La sfilata di CHICCA LUALDI BEEQUEEN è un vero e proprio tributo alle forme.
Il prossimo autunno inverno 2013/14 vede come punti di partenza la geometria, il colore e la materia.

E’ l’essenzialità che cerca nel dettaglio la sua espresione, portandola ad una tecnica sartoriale per arrivare ad abiti costruiti come leggere sculture composte in un delicato equilibrio di accostamento tra textures e fasce di colori, dove l’occhio stenta persino a distinguere ciò che è cucito.

Due fonti di ispirazione guidano il percorso creativo di questa collezione: Rothko per il colore e la sinuosità delle opere di Vico Magistretti per tagli e linee.

La sartorialità della scuola italiana, il ben fatto come espressione di rivendicazione di una capacità tutta italiana nella moda e nel design che non subisce tempo, tecnologia o globalizzazione, ma rimane nostra espressione di tradizione e storia.

La “Semplicità e Purezza dei tagli” seguendo il credo che sia strumento di valorizzazione del ben fatto e della qualità dei tessuti.

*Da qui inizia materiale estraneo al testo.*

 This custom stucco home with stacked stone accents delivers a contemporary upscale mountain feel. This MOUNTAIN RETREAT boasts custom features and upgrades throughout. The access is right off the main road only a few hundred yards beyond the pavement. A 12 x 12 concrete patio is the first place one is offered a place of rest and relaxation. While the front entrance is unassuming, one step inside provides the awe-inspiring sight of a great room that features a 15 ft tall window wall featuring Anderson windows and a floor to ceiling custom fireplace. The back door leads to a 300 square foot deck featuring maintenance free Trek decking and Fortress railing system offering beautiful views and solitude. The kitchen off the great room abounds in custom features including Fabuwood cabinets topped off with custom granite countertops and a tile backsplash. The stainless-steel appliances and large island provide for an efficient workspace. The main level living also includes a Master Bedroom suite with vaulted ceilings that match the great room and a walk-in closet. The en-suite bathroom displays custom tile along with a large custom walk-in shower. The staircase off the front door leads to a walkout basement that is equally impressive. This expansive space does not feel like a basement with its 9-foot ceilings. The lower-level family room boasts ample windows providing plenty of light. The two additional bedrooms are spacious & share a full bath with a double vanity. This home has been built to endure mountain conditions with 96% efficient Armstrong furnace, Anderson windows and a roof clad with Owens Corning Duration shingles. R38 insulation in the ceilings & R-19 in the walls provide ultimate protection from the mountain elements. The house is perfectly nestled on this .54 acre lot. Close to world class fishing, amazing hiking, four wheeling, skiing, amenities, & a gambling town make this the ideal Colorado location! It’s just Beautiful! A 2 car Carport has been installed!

Una moda facile, immediata ma non per questo meno gratificante. La sobrietà come approccio di eleganza, senza togliere alcun vezzo attraverso il colore, un tocco di femminilità dato da geometriche aperture sulla schiena o l’utilizzo di un macramè geometrico e moderno. Il tentativo di distacco da quel mondo troppo ostentato o stereotipato in cui non tutte le donne si sentono a loro agio nel vestire il quotidiano.

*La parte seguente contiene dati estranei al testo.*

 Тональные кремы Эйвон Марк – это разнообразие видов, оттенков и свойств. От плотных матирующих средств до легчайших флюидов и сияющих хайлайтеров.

Colori morbidi, caldi come il blu cobalto, il rame e l’oro antico declinati in tessuti avvolgenti. Micro stampe pixel su cloqué, duchesse abbinata a visone, loden di lana abbinato a duchesse per rendere femminile anche il capo che nasce con un DNA più “sportivo”; maglie in yak, seta, cashmere lavorate in punti che evocano  linee e geometrie.